I am a 2nd year economic student at the University of Waterloo, and on my journey to become a Data Scientist for my future career. I know Python, R, MYSQL, Tableau, and Excel. Currently, I have an interest in learning more machine learning and deep learning models to implement into new projects I develop.

Additional information on me:

  • University Track Athlete
  • Governance Analyst at the OLG for my first co-op
  • Love Reading and writing
  • technical analysis and fundemental analysis for stocks

I hope to develop and become better! So enjoy my projects, be sure to visit my LinkedIn down below as well.

Project Overview

  • Overview of the project: In this project, we will analyze the "Students Performance in Exams" dataset to identify factors that impact student performance in exams.

  • Motivation behind the project: Understanding factors that impact student performance can help educators identify areas where students need additional support and improve their academic outcomes.

  • Objectives of the project: Our objectives are to analyze the dataset using statistical and machine learning techniques to identify key factors that influence student performance.
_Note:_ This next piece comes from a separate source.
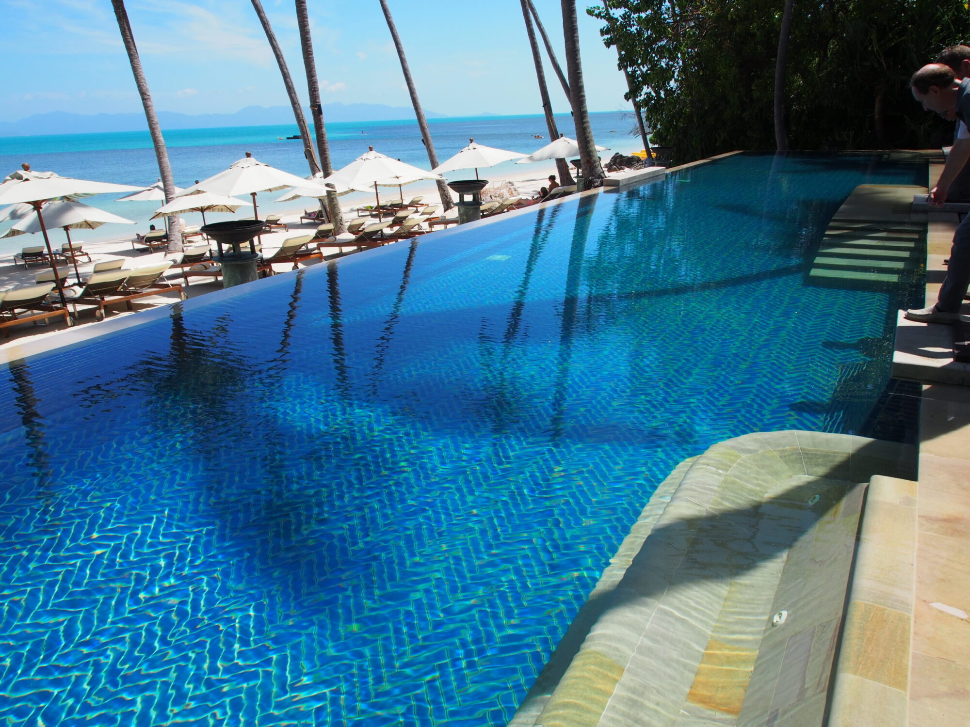 ホテル屋外プールでの使用例です。専用アンプをキャリング式にして持ち運びすることも可能です。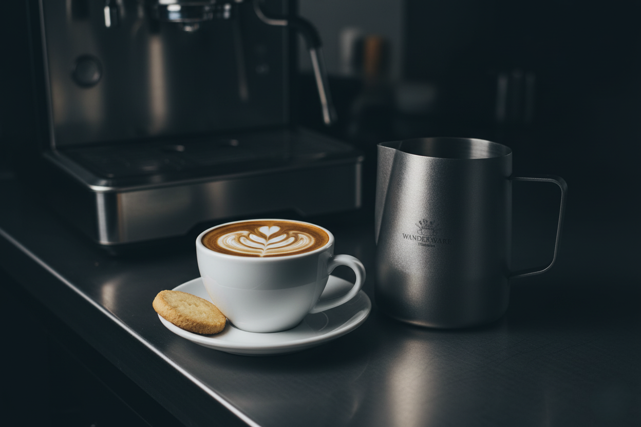 Perfect Espresso Accessories – Perfect milk steamer cup for making frothing or steaming milk for espresso, cappuccino or hot chocolate. Be your own barista at home and office with this milk jug.

OUTLINE FOR THE PROJECT INCLUDES:

Data Collection and Preprocessing

  • Description of the "Students Performance in Exams" dataset: This is a dataset of student performance in math, reading, and writing exams, along with demographic and other factors that may impact student performance.
  • Downloading the dataset from Kaggle: We will obtain the dataset from the Kaggle website.
  • Exploring the dataset: We will examine the structure of the data, identify missing values, and perform data cleaning and feature engineering as necessary.
  • Handling missing and duplicate data: We will use various methods to handle missing and duplicate data, such as dropping rows, filling in missing values, and removing duplicate entries.
  • Handling outliers: We will examine the distribution of data and use methods such as z-score or Tukey's method to identify and remove outliers.
  • Converting data into the appropriate format: We will transform categorical variables into numerical variables and convert data into the appropriate data types for analysis.

Descriptive Statistics

  • Mean, Median, Mode: Calculate the measures of central tendency to describe the distribution of the data.
  • Range, Variance, Standard Deviation: Calculate the measures of dispersion to describe the spread of the data.
  • Skewness, Kurtosis: Calculate the measures of shape to describe the symmetry and peakedness of the distribution of the data.
  • Percentiles, Quartiles: Calculate the measures of position to describe the location of the data relative to the rest of the - data.

Visualization

  • Scatter plots
  • Bar charts
  • Heat maps

Conclusion

  • Summarize the findings of the analysis
  • Discuss the potential impact of the project
  • Identify areas for future work and improvements

About

This project analyzes a dataset of student performance and creates a logistic regression to predict whether a student will pass or fail based on various factors. The models are evaluated. A new student is also predicted to pass or fail based on their information.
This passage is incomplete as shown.